За окном застрекотал мотоцикл.

— Андрюха, — обрадовался Каллистратыч.

В дом вошел высокий, лет двадцати трех парень в коричневой куртке, с гладко зачесанными назад темными волосами. «Да это же Андрей Малахов, токарь-расточник, за которым Зинка бегает. Вот попалась!» — ахнула Юлька и торопливо встала из-за стола.

— Спасибо вам за привет, за угощение. Я пойду.

Андрей узнал ее.

— Вот, оказывается, где ты, у моего деда в гостях! Ну и наделала переполоху. Наташа Березина всех на ноги подняла. Жорку Бармашова ругает вовсю.

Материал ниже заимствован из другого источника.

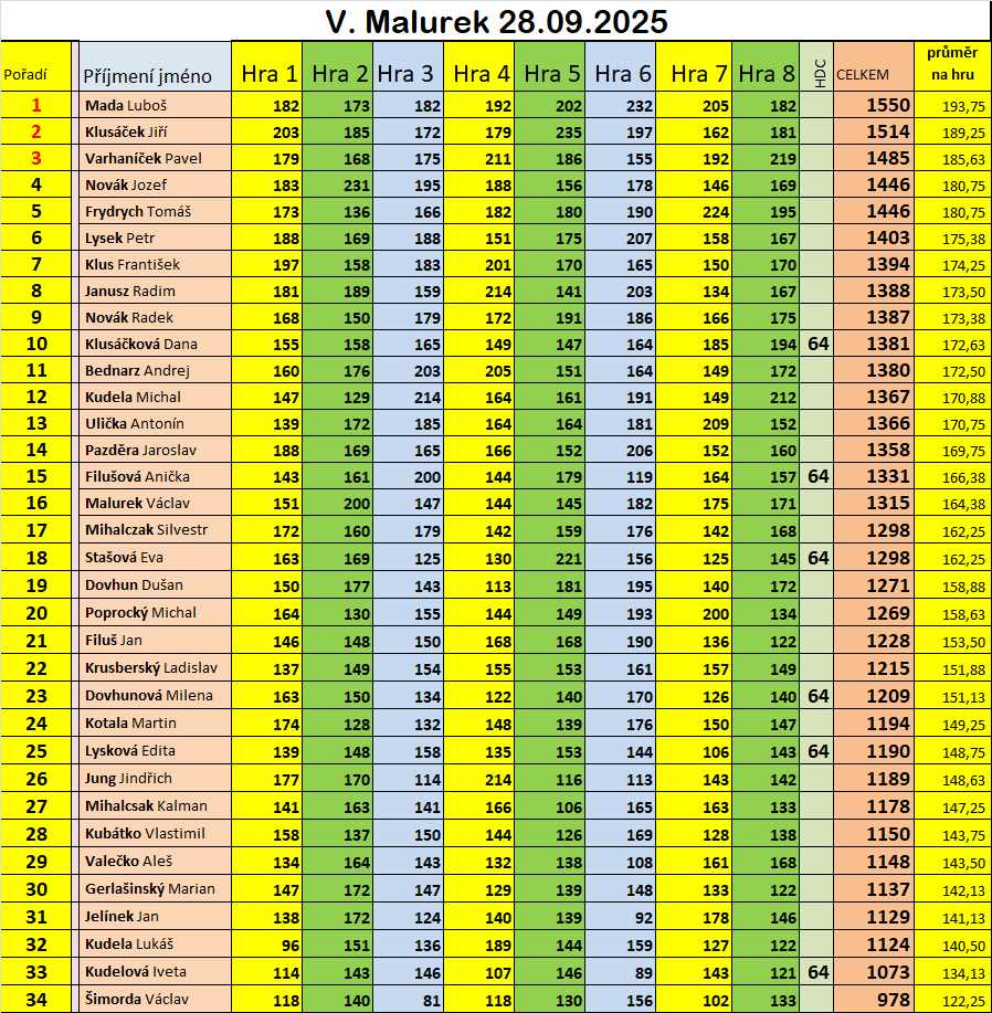 28.92025 se konal Svatováclavský turnaj v SKY bowlingu v Ostravě-Porubě.
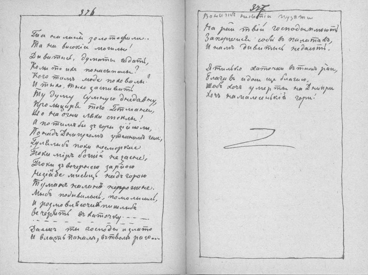 С. 376 – 377 Та на лани золотополі…«Мала книжка» Тараса Шевченка. С. 376 – 377 – закінчення поезії «Не молилася за мене…» з рядка «Та на лани золотополі…» |
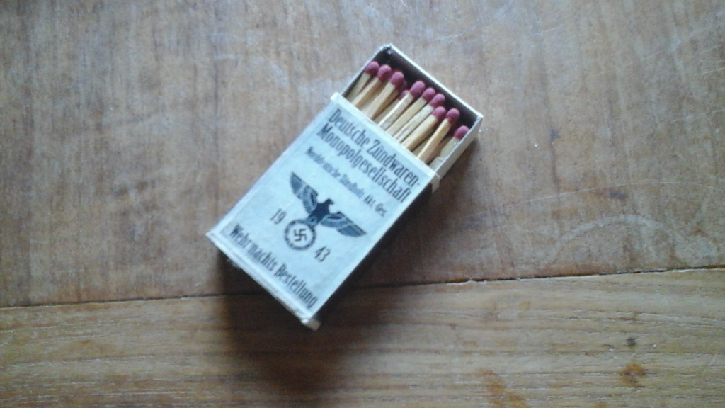 Lucifersdoosje komt uit een serie die een paar geleden te koop was. Het originele doosje is van hout en de steeltjes zijn paars met gele kop (tenminste, de originelen die ik zag bij een verzamelaar)

А «колючку» сняли.

— Сняли? — на глаза Юльки навернулись слезы. — Опозорили, а потом сняли.

— Не так все страшно, — улыбнулся Андрей, и от этой улыбки смуглое лицо его сделалось простым и приветливым.

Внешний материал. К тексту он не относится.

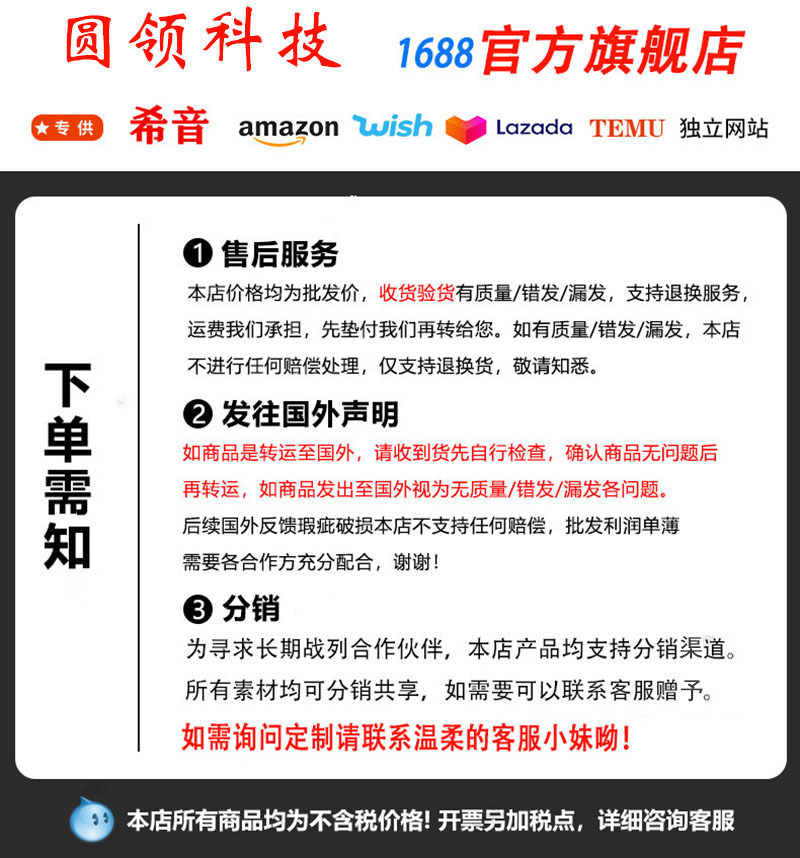 1688온라인 사이트에서 검색된 상품입니다. 알리타플에서는 상품검색/현지구매(구매대행)/국제배송 업무만 제공해드립니다. 해당 상품의 품질 및 상태에 대해서는 확인해 드릴 수 없고 해당 물건이 입고가 된 후에 검수과정을 거쳐야 확인이 가능합니다.
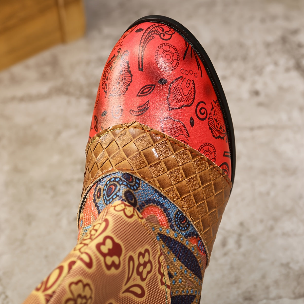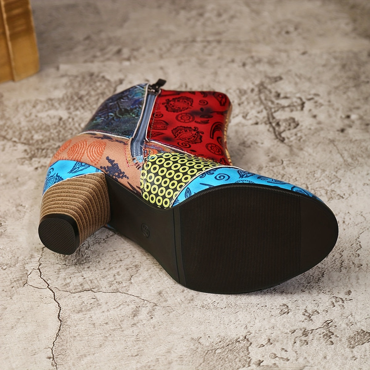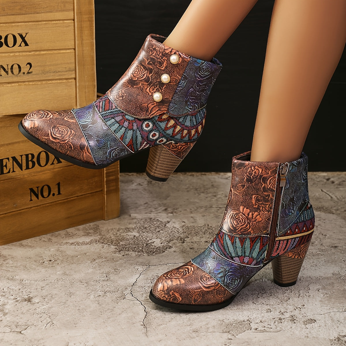 Women's Vintage Ethnic Style High Heel Ankle Boots Black Leather
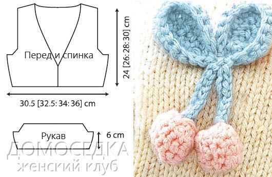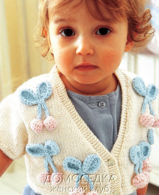 Вязаное болеро для девочки от Martin Storey выполнено спицами и украшено декоративными вишнями.
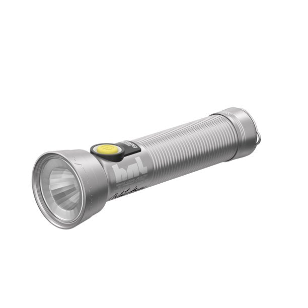 Con un aspecto vintage, esta linterna retro LED cuenta con detalles grabados con láser, un interruptor de botón amarillo, un colgador de anillo integrado y un cuerpo acanalado resistente al agua.
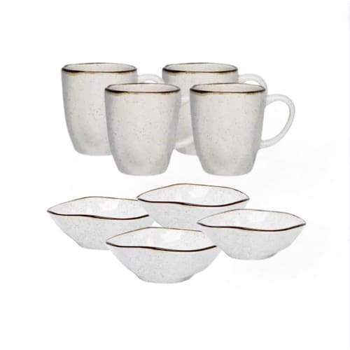 • 4 Bowls (Ø 18x7,5cm/500ml) 4 Canecas (Ø 9,7x11cm/380ml)
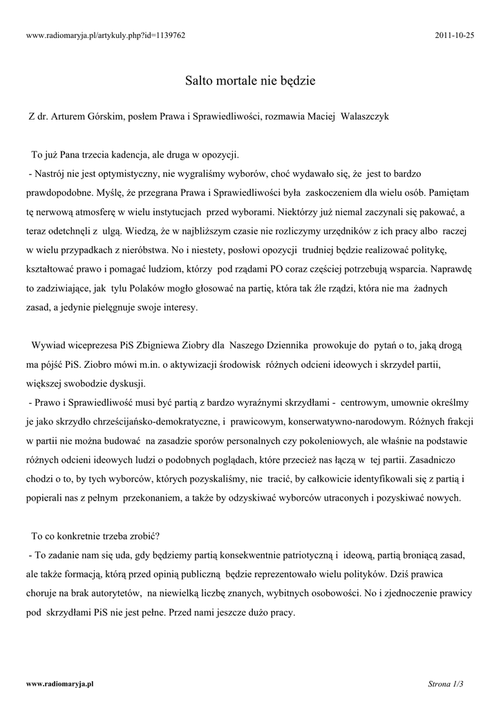 www.radiomaryja.pl/artykuly.php?id=1139762 2011-10-25 Salto mortale nie będzie Z dr. Arturem Górskim, posłem Prawa i Sprawiedliwości, rozmawia Maciej Walaszczyk To już Pana trzecia kadencja, ale druga w opozycji. - Nastrój nie jest optymistyczny, nie wygraliśmy wyborów, choć wydawało się, że jest to bardzo prawdopodobne. Myślę, że przegrana Prawa i Sprawiedliwości była zaskoczeniem dla wielu osób. Pamiętam tę nerwową atmosferę w wielu instytucjach przed wyborami. Niektórzy już niemal zaczynali się pakować, a teraz odetchnęli z ulgą. Wiedzą, że w najbliższym czasie nie rozliczymy urzędników z ich pracy albo raczej w wielu przypadkach z nieróbstwa. No i niestety, posłowi opozycji trudniej będzie realizować politykę, kształtować prawo i pomagać ludziom, którzy pod rządami PO coraz częściej potrzebują wsparcia. Naprawdę to zadziwiające, jak tylu Polaków mogło głosować na partię, która tak źle rządzi, która nie ma żadnych zasad, a jedynie pielęgnuje swoje interesy. Wywiad wiceprezesa PiS Zbigniewa Ziobry dla Naszego Dziennika prowokuje do pytań o to, jaką drogą ma pójść PiS. Ziobro mówi m.in. o aktywizacji środowisk różnych odcieni ideowych i skrzydeł partii, większej swobodzie dyskusji. - Prawo i Sprawiedliwość musi być partią z bardzo wyraźnymi skrzydłami - centrowym, umownie określmy je jako skrzydło chrześcijańsko-demokratyczne, i prawicowym, konserwatywno-narodowym. Różnych frakcji w partii nie można budować na zasadzie sporów personalnych czy pokoleniowych, ale właśnie na podstawie różnych odcieni ideowych ludzi o podobnych poglądach, które przecież nas łączą w tej partii. Zasadniczo chodzi o to, by tych wyborców, których pozyskaliśmy, nie tracić, by całkowicie identyfikowali się z partią i popierali nas z pełnym przekonaniem, a także by odzyskiwać wyborców utraconych i pozyskiwać nowych. To co konkretnie trzeba zrobić? - To zadanie nam się uda, gdy będziemy partią konsekwentnie patriotyczną i ideową, partią broniącą zasad, ale także formacją, którą przed opinią publiczną będzie reprezentowało wielu polityków. Dziś prawica choruje na brak autorytetów, na niewielką liczbę znanych, wybitnych osobowości. No i zjednoczenie prawicy pod skrzydłami PiS nie jest pełne. Przed nami jeszcze dużo pracy. www.radiomaryja.pl Strona 1/3 Co można zrobić w parlamencie, w którym pojawił się Palikot z byłym szefem Faktów i Mitów , powrócił Leszek Miller, a rząd znów tworzy bezideowa PO? Jaki ma Pan plan działania? - Mamy trzy lata do najbliższych wyborów, a może nawet mniej czasu, jeśli rząd potwierdzi swoją nieudolność w najbliższych miesiącach i latach. Musimy pokazać wyborcom, że tylko PiS jako formacja centroprawicowa jest alternatywą rządów PO. Myślę, że w ludziach będzie narastała tęsknota za porządkiem społecznym opartym na zasadach moralnych, że z czasem zaczną dostrzegać wartość w takich sprawach, jak Polska, patriotyzm i krzyż. PiS musi z jednej strony wyczuć te tęsknoty Polaków, ale z drugiej nie może czekać na falę, która przyjdzie, lecz samemu tę falę spowodować. Będzie to możliwe, jeśli nawiążemy bardzo szeroką współpracę z organizacjami społecznymi i mediami, którym zależy na odnowie moralnej i swoistej kulturowej kontrrewolucji. No i wydaje się, że trzeba przeprosić się z niektórymi dawnymi liderami PiS, którzy kiedyś stanowili wielką wartość naszej partii. To poważna deklaracja. - Musimy jednoczyć siły, nie możemy utracić już ani jednego posła. No i musimy być dobrze zorganizowani wewnętrznie, w Sejmie i w strukturach krajowych, nadal rozbudowywać PiS w stałym wewnętrznym dialogu, bo nikt nie ma monopolu na pomysł, jak zwyciężyć następne wybory. Które ze spraw wymagają dziś szczególnego monitoringu przez lobby konserwatywne i chrześcijańskie w parlamencie? - Niewątpliwie sprawy światopoglądowe, które będą zagrożone, które znajdą się pod presją Palikotów i Millerów. Partie, które są reprezentowane przez tych polityków, będą prześcigały się w uwiarygodnianiu swojej lewicowości, będziemy świadkami spirali radykalizmu. Pojawią się projekty ustaw, które będą uderzały w ludzkie życie i w porządek moralny i tak już poważnie nadszarpnięty. Walka z krzyżem i próby wykluczenia głosu katolickiego z debaty publicznej staną się normą. Już politycy lewicy starają się odbierać głos Kościołowi. Musimy postawić temu zdecydowanie tamę, ale też uważać, by nie dać się sprowokować do podobnie skrajnych postaw. Nasza walka o państwo chrześcijańskie nie może ograniczać się do werbalnych sporów. Mam nadzieję, że hasło niskie podatki dla ojca i matki zostanie zrealizowane w konkretnej ustawie, która będzie ekonomicznie wzmacniała nasze rodziny. Niewątpliwie PO będzie jeszcze raz musiała zająć stanowisko, czy jest za pełną ochroną życia. Pamiętajmy, że bez poparcia przynajmniej części posłów PO nie da się zrealizować polityki prorodzinnej. Senator elekt PO Jan Filip Libicki, a kiedyś poseł PiS, wzywa do wspierania prawego skrzydła PO. To dość bałamutne, ale odkrywające intencje Tuska - on właśnie zbudował lewicowe skrzydło i nie zrezygnował www.radiomaryja.pl Strona 2/3 z tworzenia koncesjonowanej prawicy. - Platforma ewidentnie przesuwa się w lewo. Zagospodarowała znaczną część elektoratu centrowego, a teraz we współpracy z Palikotem będzie chciała rozszabrować resztki po Sojuszu Lewicy Demokratycznej. Takie kwiatki do kożucha jak senator Libicki nie zmienią prawdziwego obrazu tej partii. To że frakcja konserwatywna w PO jest fikcją, pokazały głosowania nad obywatelskim projektem ustawy antyaborcyjnej. Przy pierwszym głosowaniu frakcja konserwatywna liczyła 56 posłów, ale gdy premier Tusk wprowadził dyscyplinę głosowania - stopniała do 15. Takie osoby jak senator Lib

— Ведь я же совсем не виновата, — сказала Юлька. Ей очень хотелось, чтобы Малахов поверил ей. Перескакивая с одного на другое, она принялась рассказывать. Андрей не перебивал, и Юлька впервые за эти дни выговорилась до конца. Она даже успела всплакнуть и, смешно швыркая носом, вспомнила и про сломанные резцы, и про болты со шпильками. Худенькая, ожесточенная, с припухшими полудетскими губами, она сейчас выглядела моложе даже своих семнадцати.

— Вот она, история-то, — задумчиво протянул Каллистратыч, когда Юлька замолчала. — Не одна, стало быть, у тебя причина. Но ты, девка, духом не падай. Садись-ка на мотоцикл и с Андреем — обратно. Там сама разберешься!

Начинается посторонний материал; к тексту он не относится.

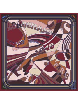 Soyez emportée par ce carré de soie qui rassemble des équipements sportifs et qui camoufle habilement le cavalier Longchamp. Un contraste élégant, un jeu de mouvements et de couleurs sublime cette pièce féminine.
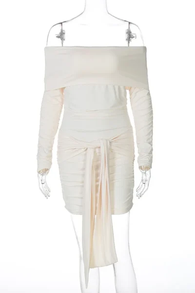 Elegant off-shoulder ruched bodycon mini dress for women. Perfect for chic parties & romantic evenings. Shop now for timeless sophistication.
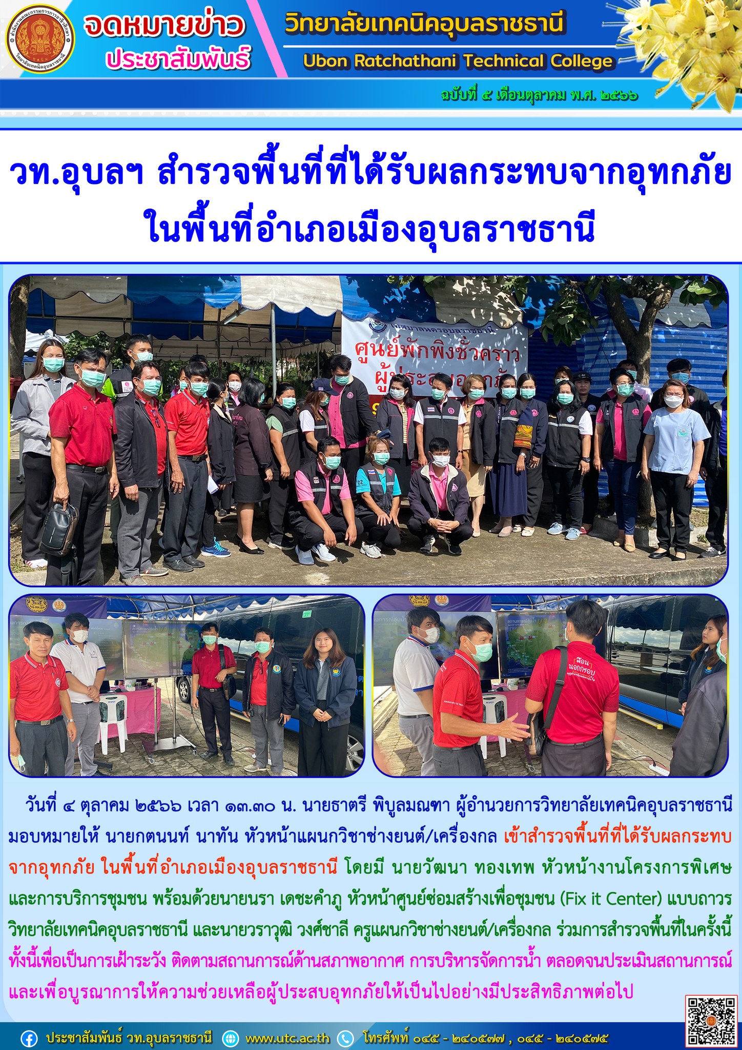 วันที่ ๔ ตุลาคม ๒๕๖๖ เวลา ๑๓.๓๐ น. นายธาตรี พิบูลมณฑา ผู้อำนวยการวิทยาลัยเทคนิคอุบลราชธานี มอบหมายให้ นายกตนนท์ นาทัน หัวหน้าแผนกวิชาช่างยนต์/เครื่องกล เข้าสำรวจพื้นที่ที่ได้รับผลกระทบจากอุทกภัย ในพื้นที่อำเภอเมืองอุบลราชธานี โดยมี นายวัฒนา ทองเทพ หัวหน้างานโครงการพิเศษและการบริการชุมชน พร้อมด้วยนายนรา เดชะคำภู หัวหน้าศูนย์ซ่อมสร้างเพื่อชุมชน (Fix it Center) แบบถาวร วิทยาลัยเทคนิคอุบลราชธานี และนายวราวุฒิ วงศ์ชาลี ครูแผนกวิชาช่างยนต์/เครื่องกล ร่วมการสำรวจพื้นที่ในครั้งนี้ ทั้งนี้เพื่อเป็นการเฝ้าระวัง ติดตามสถานการณ์ด้านสภาพอากาศ การบริหารจัดการน้ำ ตลอดจนประเมินสถานการณ์ และเพื่อบูรณาการให้ความช่วยเหลือผู้ประสบอุทกภัยให้เป็นไปอย่างมีประสิทธิภาพต่อไป
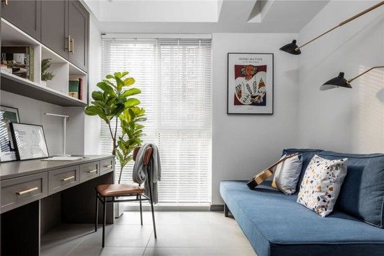 家里有书房,但空间狭长,现有布局不合理导致采光太差,书房功能形如虚设,该怎么办?首先,改变布局,把书架和办公桌都靠墙放置,留出中间空间。第二步,把窗帘换成风琴帘,既能保证室内光线充足,又能让照射进来的光线更加柔和,不影响工作。别忘了,书房不大,书柜等家具最好选择百搭的白色,营造空间的宽敞感。
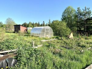 Земельный участок площадью 10 соток оборудован различными постройками, включая сарай, туалет, баню и теплицу. Дом с мансардой и верандой также находится в собственности(оформлен как жилой).

Андрей разочарованно посмотрел в окно, но согласился:

— Что ж, можно, пока не стемнело.

2

Юлька впервые ехала на мотоцикле. От быстрой езды у нее захватывало дух, она крепко держалась за плечи Андрея, обтянутые кожаной курткой, и все время видела его руки. Без перчаток, сильные, загорелые, они удобно лежали на руле.

От встречного ветра у Юльки мерзли колени и лоб, она старалась спрятаться за спину Андрея, а он даже ни разу не отвернул от ветра лицо.

Быстрая езда, стремительно несущаяся навстречу дорога, и этот холод, и то, что она уже выговорилась впервые и до конца, и то, что она наплакалась, — все это как-то отодвинуло Юлькину обиду.

В Хасановке возле углового дома Юлька попросила остановиться. Андрей, не сходя с мотоцикла, отвязал ее вещи от багажника, потом коротко тряхнул ей руку и уехал. Остался запах отработанной смеси, голубой дымок, который рассеялся у Юльки на глазах. Стрекот мотоцикла, удаляясь, растворялся в монотонном шуме поселка.

Юлька осталась одна. Ей нужно было пройти несколько шагов, открыть калитку, пересечь двор и постучать в знакомую Наташину дверь. Сколько раз она легко делала это, а сейчас не могла: самое трудное — возвращаться вот так.

Она втайне надеялась, что Наташе Березиной что-нибудь понадобится во дворе, она выйдет, и их встреча произойдет сама собой.

Но Наташа не выходила, и Юлька приоткрыла калитку.

Потом помедлила, оправила косынку и постучала. Никто не отозвался. Юлька потянула на себя дверь.

Наташа сидела за кухонным столом, что-то писала.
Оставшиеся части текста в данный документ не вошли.